I cittadini di Paesi non membri dell'Unione Europea residenti in Svizzera devono essere provvisti di un visto di transito per recarsi nello spazio Schengen.

Il rilascio di tale documento necessita a volte lunghi mesi di attesa.

Vania Alleva, del Sindacato Edilizia ed Industria, sottolinea che molti richiedenti il visto sono addirittura costretti a rinunciare alle vacanze per non aver ottenuto in tempo il documento richiesto dalle autorità dell'UE.

Problema ricorrente

Le code degli extracomunitari residenti in Svizzera davanti ai consolati d’Italia, Austria, Francia, si allungano durante i periodi che precedono le vacanze invernali ed estive.

Il problema è conosciuto dalle autorità consolari dei Paesi confinanti, tanto che nel luglio dello scorso anno la validità del visto di transito è stata prolungata da sei mesi a due anni.

La soluzione non ha però evitato disagi ai cittadini di Paesi non membri dell'Unione Europea residenti in Svizzera, che per rientrare via terra nei loro Paesi d’origine devono essere provvisti del visto di transito.

Protesta sindacale

Anche quest’anno, con l’approssimarsi delle vacanze di luglio, agosto ed inizio settembre, le domande di rilascio di visti di transito dai Paesi confinanti con la Svizzera si sono moltiplicate.

E con l’aumento delle domande di rilascio si sono dilatati anche i tempi d’attesa.
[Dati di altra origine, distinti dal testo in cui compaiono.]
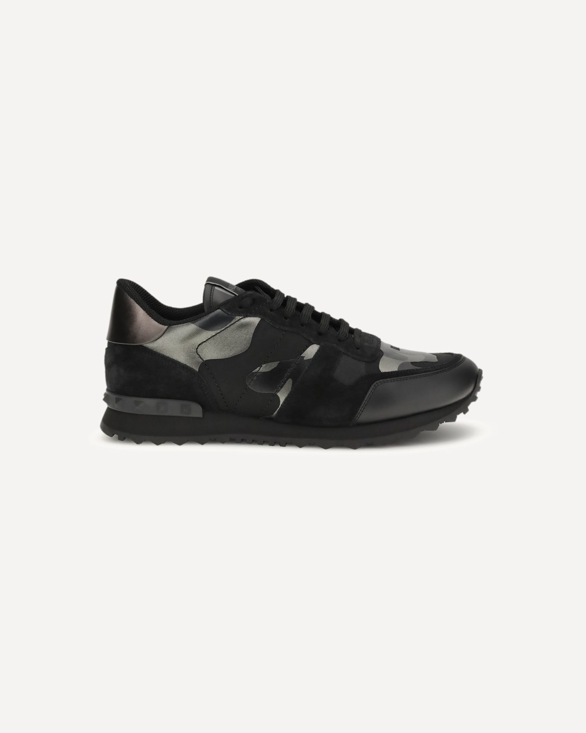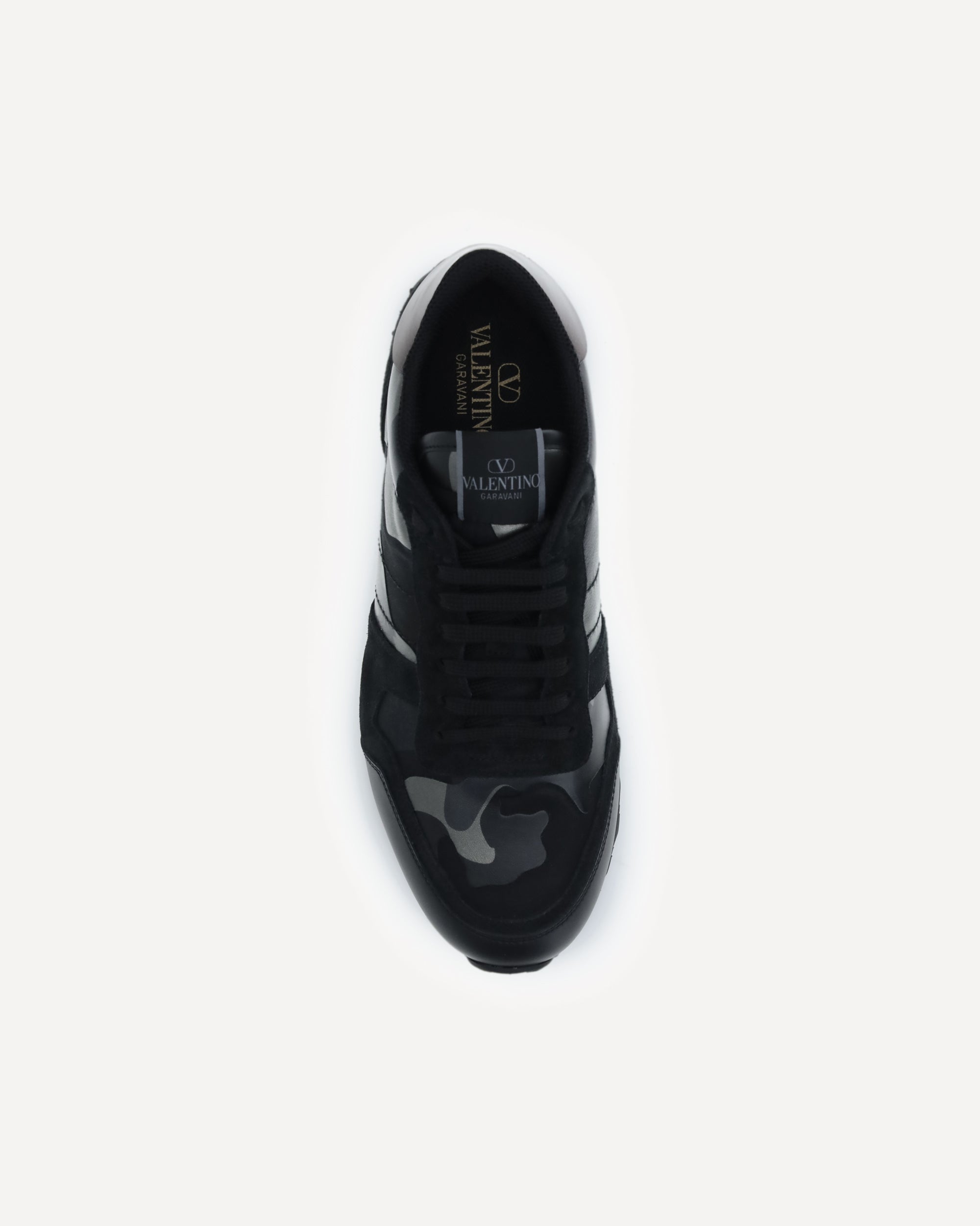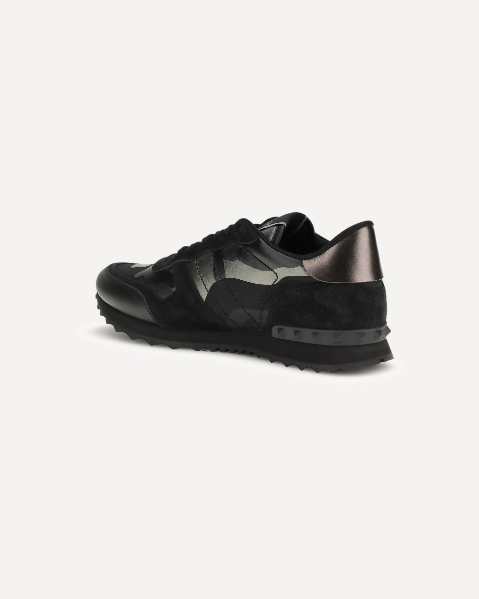 The Rockrunner Sneakers by Valentino Garavani are made of calfskin leather and feature a round toe, lace-up closure and tone-on-tone stitching. Logos on the tongue and insole enhance the identity, while padding at the ankle ensures comfort. Rockstud detail and an inset design add character, complemented by a slip-resistant rubber sole that provides stability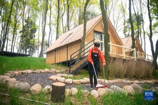 3月29日,諸暨市楓橋鎮(zhèn)陽春村村民在陽春山月游樂度假村內(nèi)工作。當(dāng)?shù)赝ㄟ^閑置荒山土地流轉(zhuǎn)發(fā)展鄉(xiāng)村旅游,幫助陽春村60名村民實現(xiàn)在家門口就業(yè)增收。
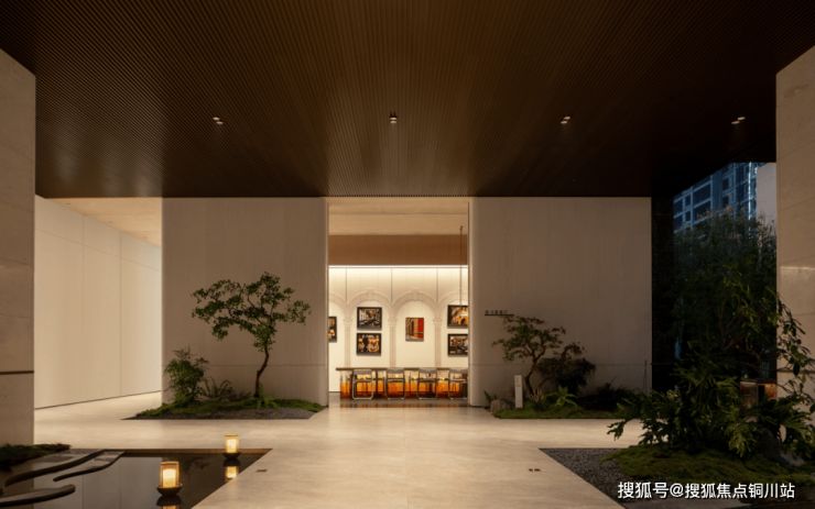 售楼部 以「澍·前序」为主题的玄关,是心理过渡的阈限空间。设计团队刻意压低了入口的视觉重心,利用光影的明暗对比,完成从喧嚣都市到静谧场域的心理切割。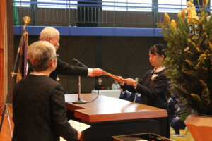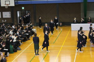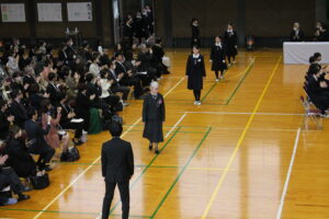 卒業式の歌や聖歌も体育館に響き渡り、卒業式の厳かな雰囲気に花を添えていました。それでは、卒業式の様子を紹介いたします。
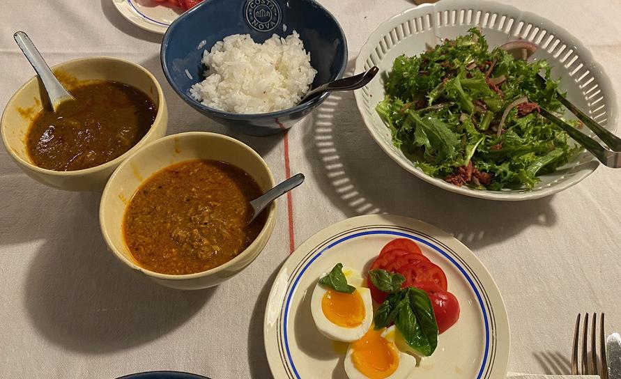 Erick South(またもや登場):青唐辛子ビーフカレー、キーマカレー、白ご飯、半熟卵、フリルレタス+コンビーフ。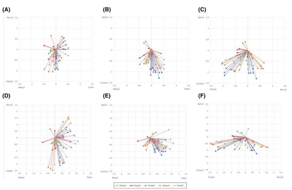 In a simulation study with multiple placements, the deviations of each placement ideally should be scattered equally around the optimal centre, like a symmetric firework. In reality however deviations tend to cluster more towards some sides, pointing to some systemic influence mostly attributed to the operator such as right- or left-handed, ergonomics, optical field as well as specific anatomic locations of the implant site and more. How much clustering of the deviation is acceptable and when should we seek and correct the systemic influence? Well, this is a wider discussion and it should be always be seen in conjunction with the accuracy readings.  Maybe we can discuss this in more detail in the future.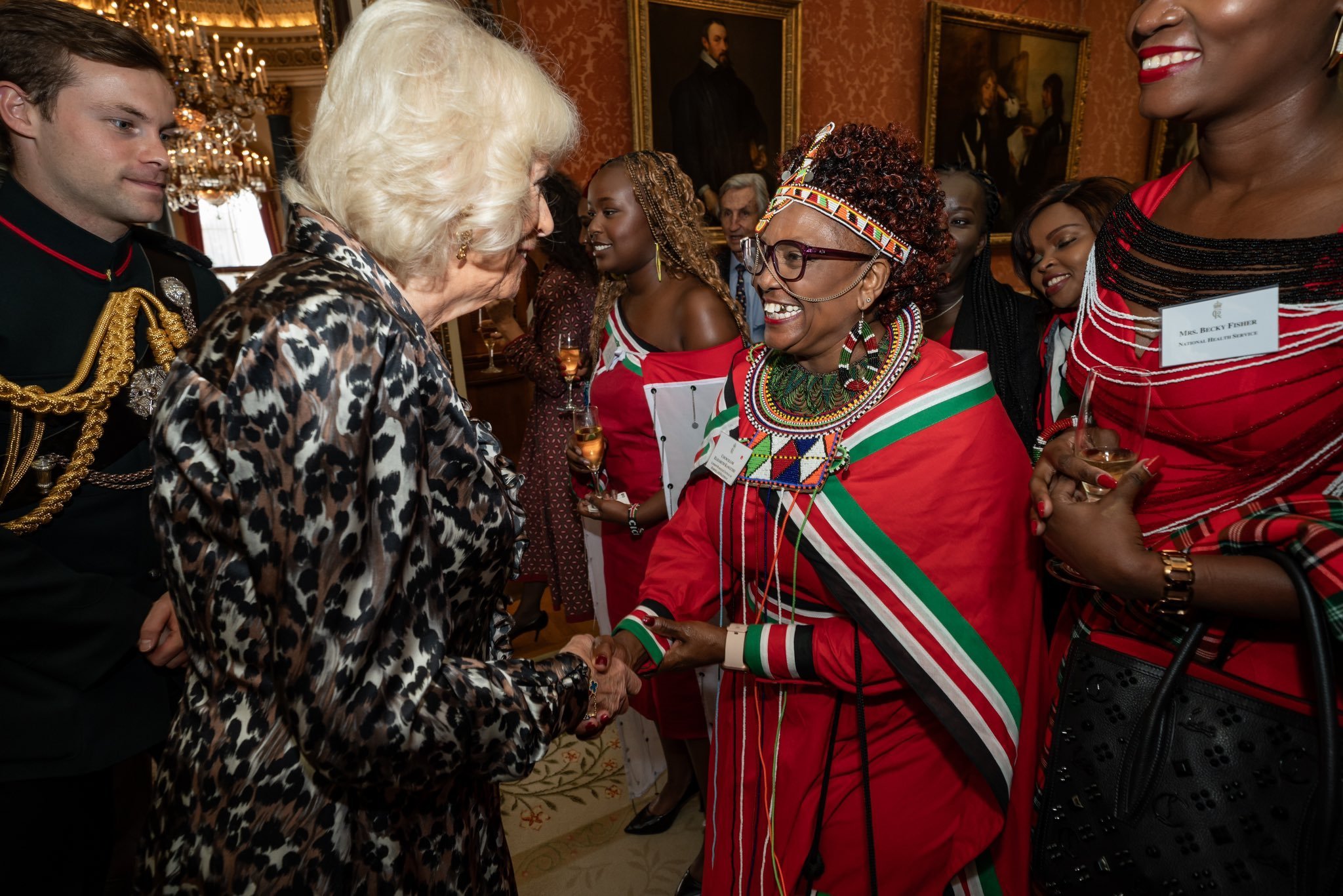 Крал Чарлз III и кралица Камила на прием в Бъкингамския дворец за кенийската диаспора в Обединеното кралство, за да отпразнуват топлите отношения между двете страни и силното и динамично партньорство, което продължават да изграждат преди държавното посещение на техните Величества в Кения.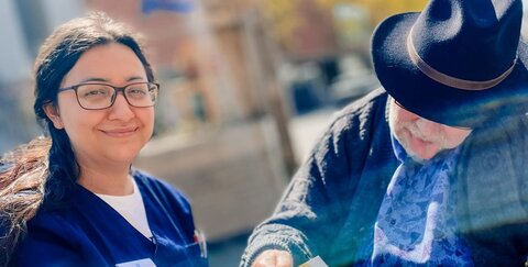 Schwester Jasmina begleitet Nobilis - Bewohner Herrn P. in die Stadt.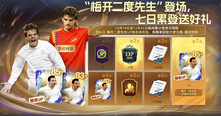 12月19日至12月25日期间累计登录可领取【85+】梅开二度先生混合球员包,有概率获取大使主题-莫伦特斯 。连续七日登录,好礼福利送不停。坚持登录就有机会把那位在比赛中屡屡上演“梅开二度”,在关键时刻用进球改写胜负的“白衣骑士”召入你的阵中。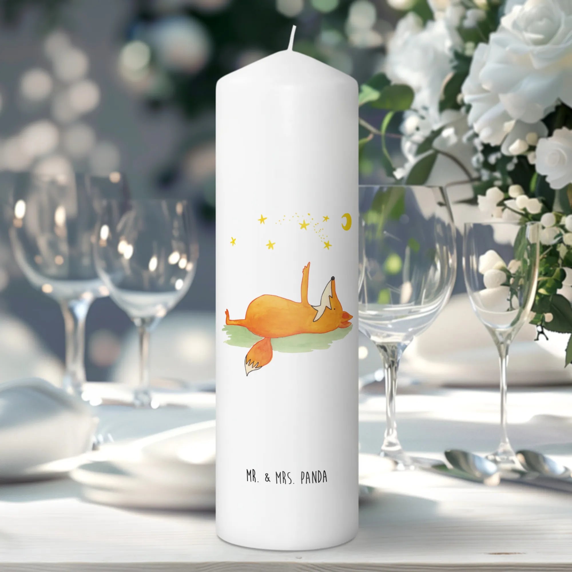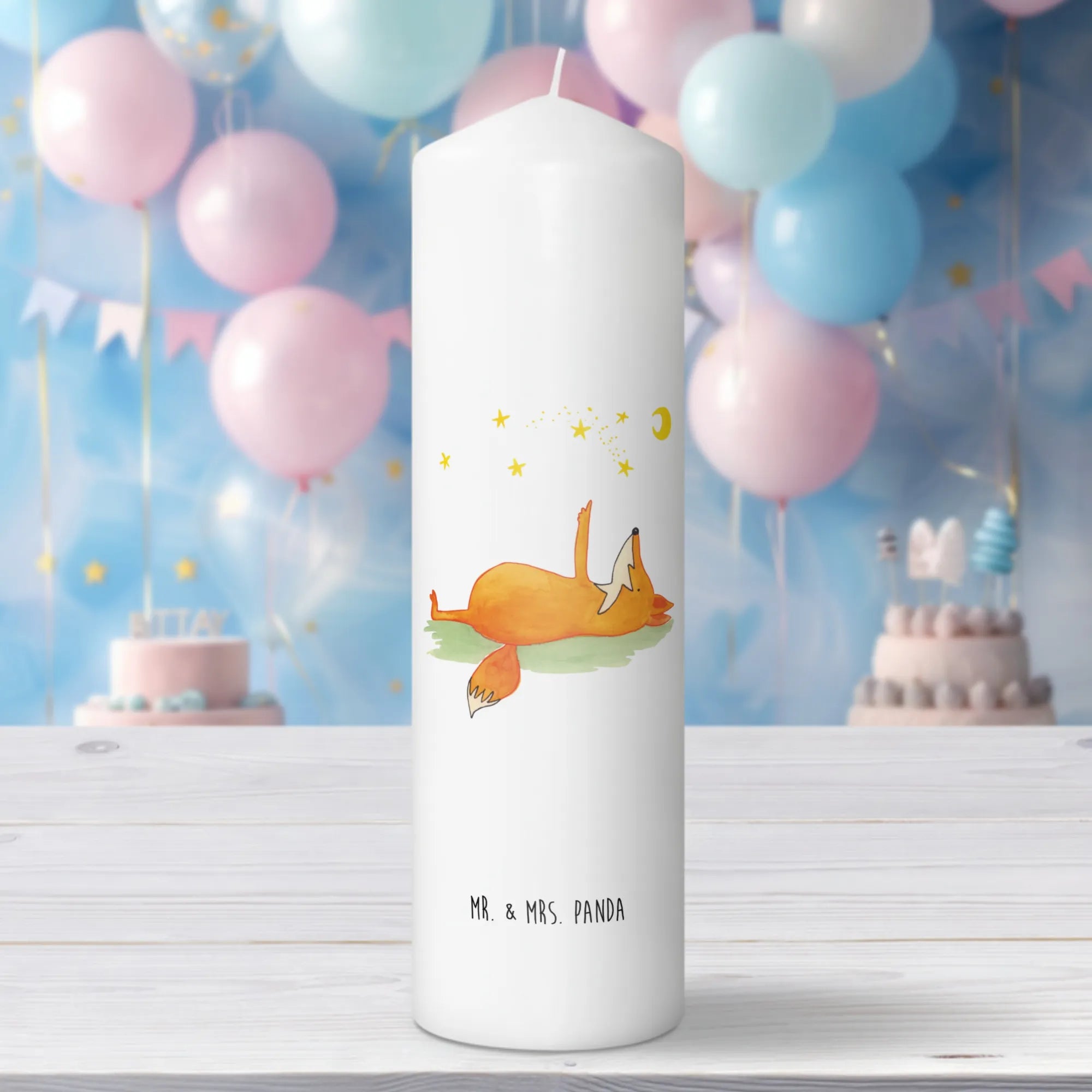 Die Kerze mit dem bezaubernden Motiv "Fuchs Sterne" aus der Fuchs Kollektion von Mr. & Mrs. Panda ist nicht nur ein wunderschönes Accessoire, sondern auch das perfekte Geschenk für zahlreiche Anlässe. Wenn du nach einem besonderen Geschenk suchst, ist diese Taufkerze oder Kommunionskerze eine wunderbare Wahl. Sie strahlt Wärme und Liebe aus und sorgt für eine angenehme Stimmung, egal ob beim Geburtstagsfest oder bei feierlichen Anlässen wie Taufen und Kommunionen.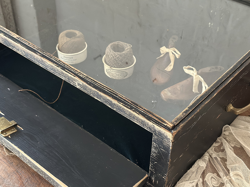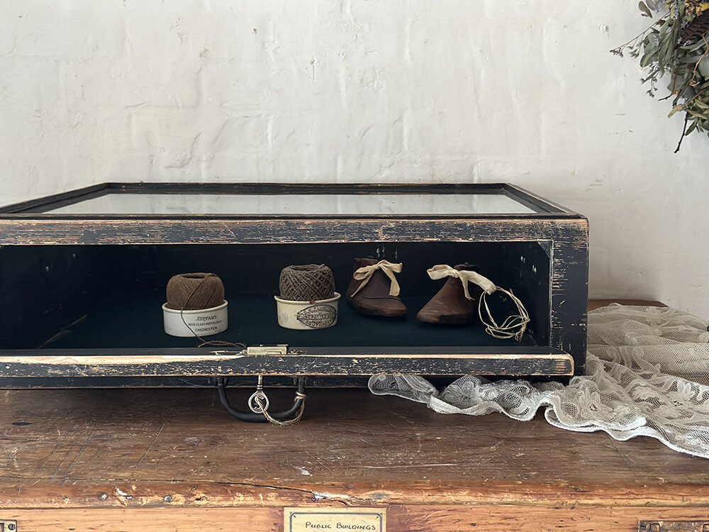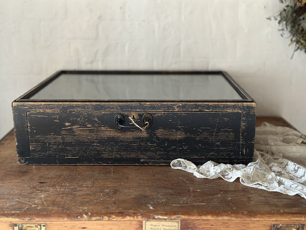 26-085 Old-Vintage Shabby Chic Desktop Display Cabinet - Black – Tetbury, England
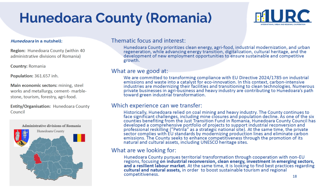 Hunedoara County (Romania) – Iulian Iovan and Bianca Barabas shared their efforts to shift from coal mining to sustainable energy and tourism. The redevelopment of the Petrila mining site is a flagship project of their transition strategy.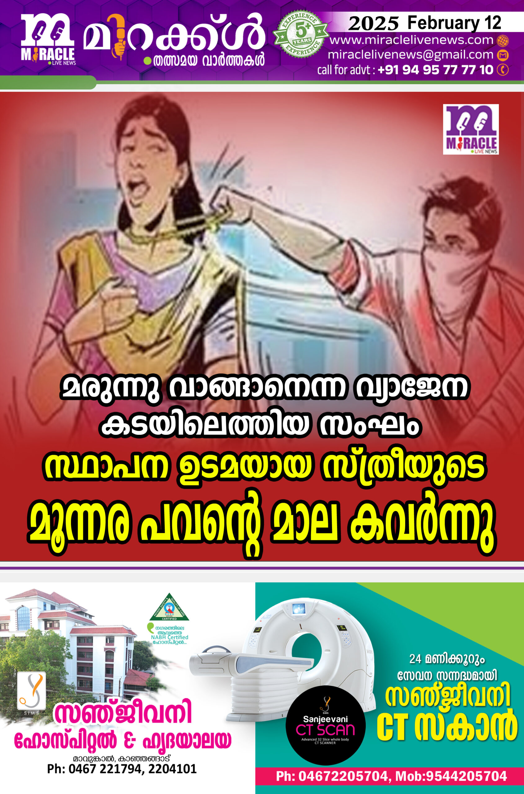 ബദിയടുക്ക : ആയുര്വേദ കടയില് മരുന്നു വാങ്ങാനെന്ന വ്യാജേന രണ്ടംഗ സംഘം സ്ഥാപന ഉടമയായ സ്ത്രീയുടെ മൂന്നര പവന്റെ മാല കവര്ന്നു. നീര്ച്ചാല് ജെയ്ന് മൂല സ്വദേശിനി എസ്.എന്. സരോജിനിയുടെ (64) കഴുത്തിലണിഞ്ഞ മൂന്നര പവന്റെ കരിമണിമാലയാണ് കവര്ന്നത്. ചൊവ്വാഴ്ച വൈകിട്ട് 3.25 മണിയോടെ പരാതിക്കാരി മീത്തലെ നീര്ച്ചാലില് നടത്തുന്ന ശ്രീരാഘ വേന്ദ്ര ആയുര്വേദിക് മെഡിക്കല്സില് മരുന്ന് വാങ്ങാനെന്ന വ്യാജേന ബൈക്കിലെത്തിയ രണ്ടുപേരില് ഒരാള് അകത്ത് കയറി സ്ത്രീയുടെ കഴുത്തില് ധരിച്ചിരുന്ന 1,90,000 രൂപവിലമതിക്കുന്ന മൂന്നര പവന്റെ കരിമണി മാല കഴുത്ത് ഞെരിച്ച് പൊട്ടിച്ച ശേഷം ബൈക്കില് രക്ഷപ്പെടുകയായിരുന്നു. തുടര്ന്ന് പോലീസില് പരാതി നല്കി. കേസെടുത്ത പോലീസ് അന്വേഷണം തുടങ്ങി.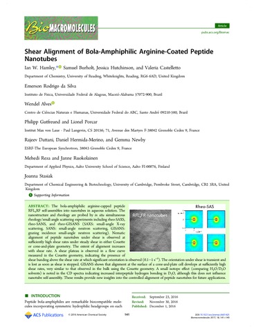 Hamley, I. W. ORCID: https://orcid.org/0000-0002-4549-0926, Burholt, S., Hutchinson, J., Castelletto, V., da Silva, E. R., Alves, W., Gutfreund, P., Porcar, L., Dattani, R., Hermida-Merino, D., Newby, G., Reza, M., Ruokolainen, J. and Stasiak, J.

Per protestare contro questa situazione, una delegazione congiunta del SEI e del Forum per l'integrazione dei migranti (FIM) si dunque è recata a Bruxelles.

La rappresentanza elvetica ha chiesto al parlamento europeo che tutti i cittadini extracomunitari possano presentarsi alle frontiere di Schengen con un semplice passaporto e con il permesso di soggiorno in Svizzera, ha precisato Claudio Micheloni, segretario generale del FIM.

Lo spazio di Schengen

Lo spazio europeo senza frontiere prende il nome dalla cittadina lussemburghese dove nel 1985 Francia, Germania, Belgio, Lussemburgo e Paesi Bassi hanno deciso di abolire fra di essi le dogane nazionali.

Dopo il primo accordo è stata elaborata una convenzione, firmata il 19 gennaio 1990 ed entrata in vigore nel 1995, che ha permesso di abolire le frontiere interne tra quattordici dei quindici Stati membri dell’UE (la Gran Bretagna non vi aderisce).

L’Europa senza dogane interne ha permesso di creare una frontiera esterna unica lungo la quale i controlli all'ingresso nello spazio di Schengen vengono effettuati con procedure identiche in materia di visti, diritto d'asilo, secondo il principio della libera circolazione delle persone.

swissinfo

In breve

I sindacati elvetici scendono in campo coi cittadini extracomunitari residenti in Svizzera, costretti a lunghe attese per l'ottenimento del visto di transito UE, indispensabile per tornare via terra ai Paesi d’origine.

Per i sindacati elvetici si tratta di una vera e propria discriminazione operata dall’Unione europea.

Per chiedere l’abolizione della pratica burocratica una delegazione congiunta del Sindacato Edilizia ed Industria e del Forum per l'integrazione dei migranti si è recata a Bruxelles.